» **DATASET RECORDS**:
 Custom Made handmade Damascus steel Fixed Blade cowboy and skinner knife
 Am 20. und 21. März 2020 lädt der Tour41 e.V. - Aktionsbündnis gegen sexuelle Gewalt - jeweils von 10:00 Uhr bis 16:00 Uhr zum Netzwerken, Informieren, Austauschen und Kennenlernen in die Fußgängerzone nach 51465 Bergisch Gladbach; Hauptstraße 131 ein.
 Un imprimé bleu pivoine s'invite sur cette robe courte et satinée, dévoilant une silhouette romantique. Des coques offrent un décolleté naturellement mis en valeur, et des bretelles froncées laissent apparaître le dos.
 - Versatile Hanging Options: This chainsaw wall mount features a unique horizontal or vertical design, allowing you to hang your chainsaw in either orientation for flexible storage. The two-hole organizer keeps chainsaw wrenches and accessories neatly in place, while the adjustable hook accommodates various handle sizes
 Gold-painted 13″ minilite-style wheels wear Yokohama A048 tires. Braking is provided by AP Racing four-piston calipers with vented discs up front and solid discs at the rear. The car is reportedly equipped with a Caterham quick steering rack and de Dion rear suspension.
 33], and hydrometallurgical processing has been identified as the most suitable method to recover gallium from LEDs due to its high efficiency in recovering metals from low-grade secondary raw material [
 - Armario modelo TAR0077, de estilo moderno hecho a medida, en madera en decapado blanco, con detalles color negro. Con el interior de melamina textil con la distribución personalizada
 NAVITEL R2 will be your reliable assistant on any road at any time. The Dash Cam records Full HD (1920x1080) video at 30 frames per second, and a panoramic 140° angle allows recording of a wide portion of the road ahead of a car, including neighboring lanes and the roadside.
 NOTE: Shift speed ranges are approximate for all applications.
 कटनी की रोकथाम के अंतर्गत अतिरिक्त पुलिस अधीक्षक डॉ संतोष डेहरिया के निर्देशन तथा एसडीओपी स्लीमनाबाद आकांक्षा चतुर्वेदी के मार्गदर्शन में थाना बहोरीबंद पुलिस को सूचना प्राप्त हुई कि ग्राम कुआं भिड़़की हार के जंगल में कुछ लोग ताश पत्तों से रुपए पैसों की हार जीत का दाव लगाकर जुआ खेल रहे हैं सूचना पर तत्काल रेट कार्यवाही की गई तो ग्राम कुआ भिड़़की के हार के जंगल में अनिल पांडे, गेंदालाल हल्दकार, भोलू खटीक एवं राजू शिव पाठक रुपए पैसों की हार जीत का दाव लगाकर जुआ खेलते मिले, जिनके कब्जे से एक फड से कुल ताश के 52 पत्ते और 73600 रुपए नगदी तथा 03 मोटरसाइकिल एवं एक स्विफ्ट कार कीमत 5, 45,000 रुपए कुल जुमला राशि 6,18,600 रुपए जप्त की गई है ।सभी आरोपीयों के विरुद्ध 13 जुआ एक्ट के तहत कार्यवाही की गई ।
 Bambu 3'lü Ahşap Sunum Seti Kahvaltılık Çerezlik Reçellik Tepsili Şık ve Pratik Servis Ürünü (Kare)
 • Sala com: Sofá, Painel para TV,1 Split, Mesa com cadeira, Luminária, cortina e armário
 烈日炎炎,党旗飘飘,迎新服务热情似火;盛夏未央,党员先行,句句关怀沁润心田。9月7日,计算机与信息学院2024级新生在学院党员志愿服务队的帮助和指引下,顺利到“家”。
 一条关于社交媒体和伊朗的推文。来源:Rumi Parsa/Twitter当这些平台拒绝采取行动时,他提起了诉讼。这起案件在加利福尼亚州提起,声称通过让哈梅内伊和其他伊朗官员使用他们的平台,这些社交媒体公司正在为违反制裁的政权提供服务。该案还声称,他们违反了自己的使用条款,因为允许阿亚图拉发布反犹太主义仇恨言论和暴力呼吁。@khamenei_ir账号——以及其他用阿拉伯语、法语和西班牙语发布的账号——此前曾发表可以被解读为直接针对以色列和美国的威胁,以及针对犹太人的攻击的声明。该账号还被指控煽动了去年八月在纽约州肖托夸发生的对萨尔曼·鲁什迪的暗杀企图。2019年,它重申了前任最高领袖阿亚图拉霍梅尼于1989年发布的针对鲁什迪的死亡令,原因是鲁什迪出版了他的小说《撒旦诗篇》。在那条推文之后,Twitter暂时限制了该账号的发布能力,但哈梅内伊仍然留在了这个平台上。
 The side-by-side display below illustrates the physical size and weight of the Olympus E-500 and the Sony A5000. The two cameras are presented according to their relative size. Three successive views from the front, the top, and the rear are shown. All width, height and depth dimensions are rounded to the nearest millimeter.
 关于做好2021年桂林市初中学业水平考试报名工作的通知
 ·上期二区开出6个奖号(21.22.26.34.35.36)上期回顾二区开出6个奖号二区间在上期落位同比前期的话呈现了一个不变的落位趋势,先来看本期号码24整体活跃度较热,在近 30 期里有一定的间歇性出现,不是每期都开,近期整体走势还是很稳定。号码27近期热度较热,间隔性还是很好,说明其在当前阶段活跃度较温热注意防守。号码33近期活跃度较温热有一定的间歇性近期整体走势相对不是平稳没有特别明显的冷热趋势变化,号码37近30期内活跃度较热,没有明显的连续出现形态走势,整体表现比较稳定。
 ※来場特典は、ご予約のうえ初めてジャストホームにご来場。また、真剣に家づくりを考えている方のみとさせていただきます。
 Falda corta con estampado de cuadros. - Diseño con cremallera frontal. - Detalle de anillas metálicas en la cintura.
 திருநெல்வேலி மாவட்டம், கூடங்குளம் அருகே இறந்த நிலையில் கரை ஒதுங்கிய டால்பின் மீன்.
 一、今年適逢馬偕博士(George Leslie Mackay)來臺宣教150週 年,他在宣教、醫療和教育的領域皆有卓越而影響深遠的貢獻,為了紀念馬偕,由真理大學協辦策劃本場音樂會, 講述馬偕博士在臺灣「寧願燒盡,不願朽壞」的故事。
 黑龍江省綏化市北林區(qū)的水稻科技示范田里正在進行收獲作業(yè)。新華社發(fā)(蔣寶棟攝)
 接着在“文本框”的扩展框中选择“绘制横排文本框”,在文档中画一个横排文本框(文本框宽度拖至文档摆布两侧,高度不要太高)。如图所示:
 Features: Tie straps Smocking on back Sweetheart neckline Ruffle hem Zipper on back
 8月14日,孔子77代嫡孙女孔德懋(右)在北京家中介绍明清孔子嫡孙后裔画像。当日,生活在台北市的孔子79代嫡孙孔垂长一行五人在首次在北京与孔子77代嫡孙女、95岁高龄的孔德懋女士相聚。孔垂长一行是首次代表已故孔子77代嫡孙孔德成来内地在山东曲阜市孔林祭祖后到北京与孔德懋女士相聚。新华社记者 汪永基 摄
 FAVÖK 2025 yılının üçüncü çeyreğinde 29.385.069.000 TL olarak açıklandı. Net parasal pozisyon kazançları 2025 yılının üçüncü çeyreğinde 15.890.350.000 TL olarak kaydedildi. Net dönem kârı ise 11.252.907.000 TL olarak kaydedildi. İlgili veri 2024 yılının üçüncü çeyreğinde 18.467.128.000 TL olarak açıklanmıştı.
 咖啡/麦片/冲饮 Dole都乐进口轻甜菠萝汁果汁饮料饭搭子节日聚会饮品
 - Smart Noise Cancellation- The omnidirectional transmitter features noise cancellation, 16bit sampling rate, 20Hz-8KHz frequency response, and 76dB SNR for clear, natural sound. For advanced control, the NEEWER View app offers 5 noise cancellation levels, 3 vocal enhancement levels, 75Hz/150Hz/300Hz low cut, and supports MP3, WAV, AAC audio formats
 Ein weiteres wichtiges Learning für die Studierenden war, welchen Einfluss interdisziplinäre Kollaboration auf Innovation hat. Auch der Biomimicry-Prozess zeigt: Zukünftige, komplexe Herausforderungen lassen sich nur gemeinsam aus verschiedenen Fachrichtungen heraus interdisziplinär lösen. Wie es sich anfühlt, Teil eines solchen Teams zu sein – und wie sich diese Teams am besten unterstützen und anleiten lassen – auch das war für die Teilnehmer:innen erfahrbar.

» **DIRECTIONS FOR THIS TASK**: Could you retype exactly the lines from the first one of the records through the line containing "Am 20. und 21.", both included, and nothing more?

» **WRITTEN ANSWER**:
 Custom Made handmade Damascus steel Fixed Blade cowboy and skinner knife
 Am 20. und 21. März 2020 lädt der Tour41 e.V. - Aktionsbündnis gegen sexuelle Gewalt - jeweils von 10:00 Uhr bis 16:00 Uhr zum Netzwerken, Informieren, Austauschen und Kennenlernen in die Fußgängerzone nach 51465 Bergisch Gladbach; Hauptstraße 131 ein.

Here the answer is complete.